E: Well, we were here for about three years and we took that time to work out what we wanted to do to make it into a family house. When we were ready to, in order to raise the money, I sold half of what I had bought. I certainly got more than my money back. The other half, or a good slug of it, I’ve sort of gradually weeded out. Sold most of my pictures, which is kind of odd in a way, because pictures are the thing I’m really interested in.
It’s all pretty much gone now. Now, we’ve had fun commissioning people to do newer things. But still, you can’t really go into a room in this house and not see antiques, or pictures, or traditional notions of decorating and detailing.
K: It’s interesting to hear that this is something that you naturally fell into. It’s also how I got into antiques and subsequently working for the BADA, I bought an old farmhouse in Herefordshire that was big and empty and I was coming from London and needed to fill it, and the furniture I was bringing wasn’t going to work in a place like that.
If you think about a wonderful piece of antique furniture, most people will enquire about how it should be looked after. If you’ve bought a lovely old house, isn’t it the same thing?

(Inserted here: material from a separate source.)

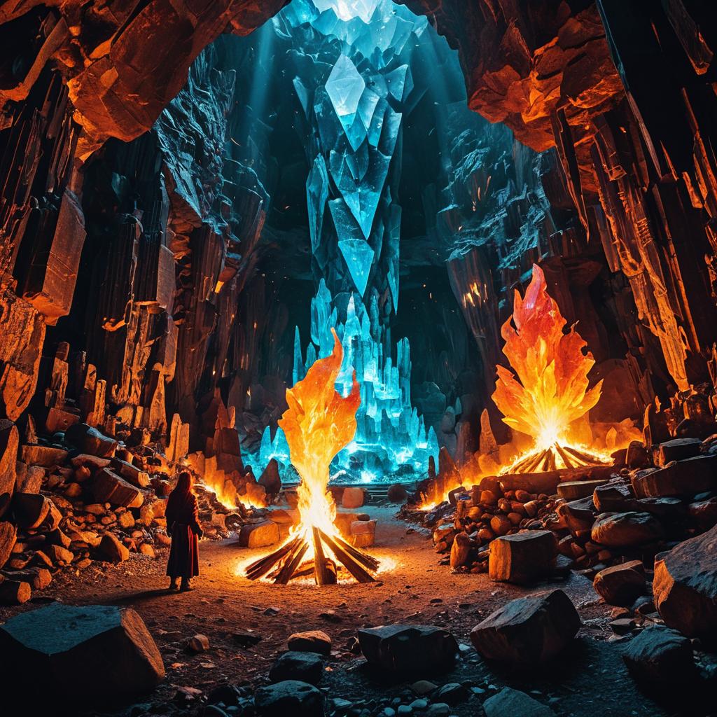 Vivid image of an elemental spirit manipulating fire within a large crystal cavern. The scene features glowing orange flames contrasting with towering blue crystal formations. The cavern is filled with ancient artifacts and modern technology scattered among rocky terrain. A lone figure cloaked in red stands near the fiery bonfires, enhancing the mystical atmosphere.

E: Yes, and my father bought very well, circumstances allowed him to. I felt emboldened to walk through the door of some of those dealers because of him. They had such knowledge, such knowledge. What you learn is so valuable, you get tours of amazing museum-quality pieces in the shops. Even when you think you’ve seen every George III commode, there’s always another one, there’s such inventiveness and joy in materials and craftsmanship. I’ve never seen antiques anywhere else in the world that have satisfied me, honestly, like British antiques do. Even if you buy a run-of-the-mill country piece, there will be character, and it will be made of good wood, and there’ll be a sense of lots of people having found it useful over the centuries. I don’t think you can really beat that.
K: So, your interests obviously very much started in antiques, and interiors, and inside the home. How did that then lead you onto starting the paint company?
E: I was bought up in an old farm house and those notions of everything ultimately having an honest provenance got instilled in me early. Before my parents sold the farm, I was thinking, “let’s take this on, we’ll turn it organic,” and at that point, in my mid-20s, the penny dropped. That economies didn’t run the world, ecology ran the world. We completely lost sight of that, in all walks of life. I met an amazing man called Alec Cobbe, who’s own practice was principally picture restoration. He got involved in a lot of design projects and picture hanging, and we basically covered the country. I became very confident in that field, of the country house still lived in. We did a bit of National Trust work but mainly we were working for private families. After six years, my wife and I set up on our own. We got a few early country house commissions, and Goodwood was one of them. They were building onto the house, and I was asked to decorate it.
K: That must have been a very exciting commission at the time!
E: They were incredibly warm, inspiring, impressive people. Janet said to me, “you will make sure everything you use is healthy and environmentally responsable.” She was the first client who ever asked me to do that. It felt amazing, so I took on the brief head-on. I use wood, stone, marble, leather, cotton, silk, natural material. They’re basically harmless and environmentally responsible. Of course, the big part of any room scheme is likely to be paint, and that’s where I realized there wasn’t an option.
K: So, you noticed a hole in the industry that wasn’t being filled and decided to do something about it?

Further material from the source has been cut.